Millions of years of evolution have gone into erecting the deepest of connections: that between mother and child.

That primal bond—when forcibly shattered or disrupted—can be devastating for both parent and child, according to scientists.  Though experts have attempted to dissuade the White House from continuing this policy, children continue to not be reunited with their original parents.

Back in 2018, the American Psychological Association sent a letter to President Trump with this statement – “Based on empirical evidence of the psychological harm that children and parents experience when separated, we implore you to reconsider this policy and commit to the more humane practice of housing families together pending immigration proceedings to protect them from further trauma.” Many other organizations, including the American Academy of Child and Adolescent Psychiatry, have released similar statements.  All to no avail.  Falling on deaf ears and closed minds and hard hearts.

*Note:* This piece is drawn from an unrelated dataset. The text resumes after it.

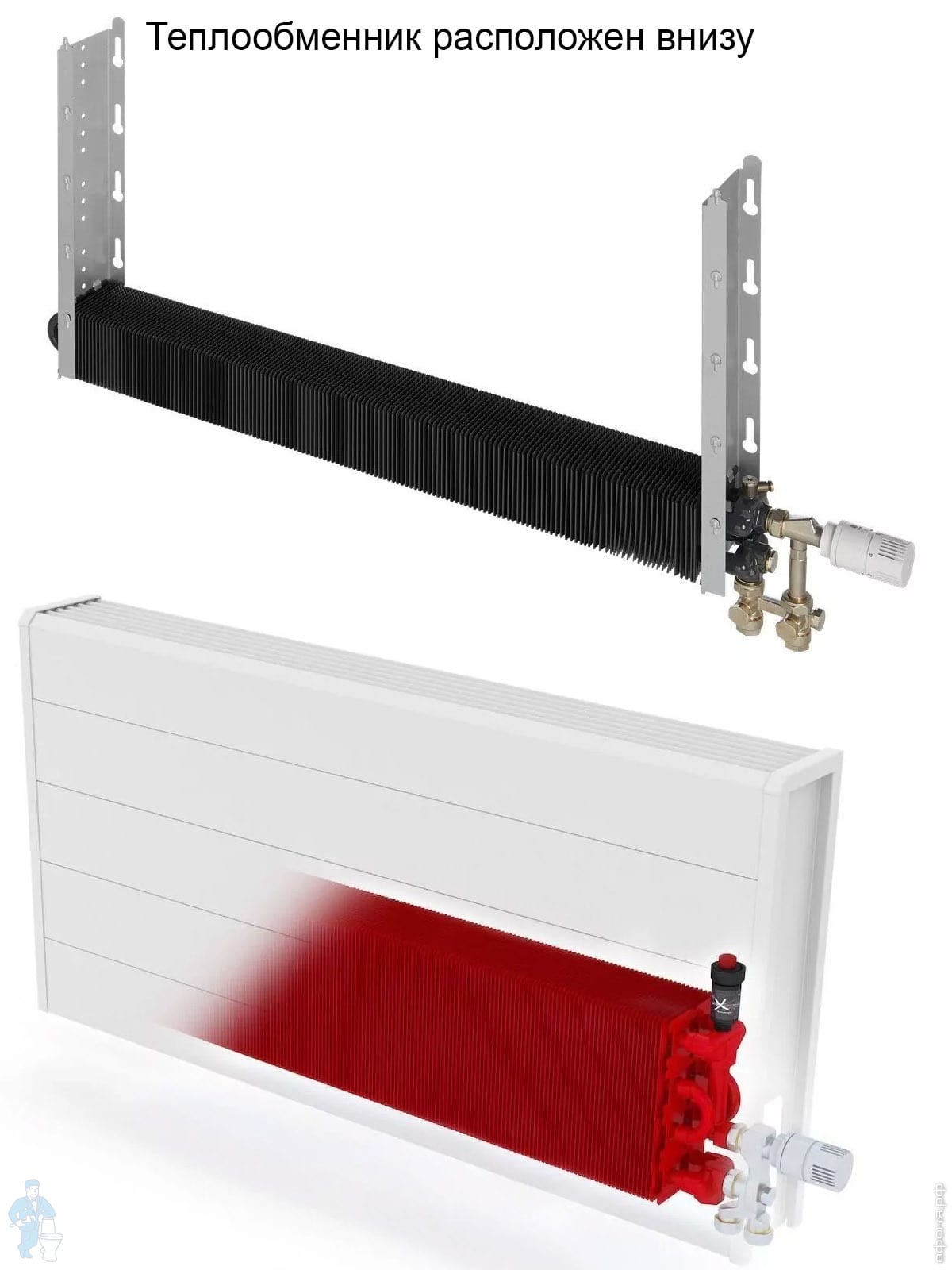 Одним из конкурентных преимуществ водяных конвекторов Jaga является медно-алюминиевый теплообменник, произведенный с применением технологии Low-H2O (мало воды). От традиционных батарей их отличают свойства:

Back in May 2018, when Jeff Sessions was still the US Attorney General, he  announced that the Department of Homeland Security would refer 100% of illegal immigrants crossing the border for criminal prosecution in federal court. Any minors accompanying them were to be taken into government custody.  And that is precisely what happened.  Since the start of the Coronavirus pandemic, all migrants are being kept in squalid conditions on the Mexican side of the border which, as bad as that is, is still far better than taking children from their parents.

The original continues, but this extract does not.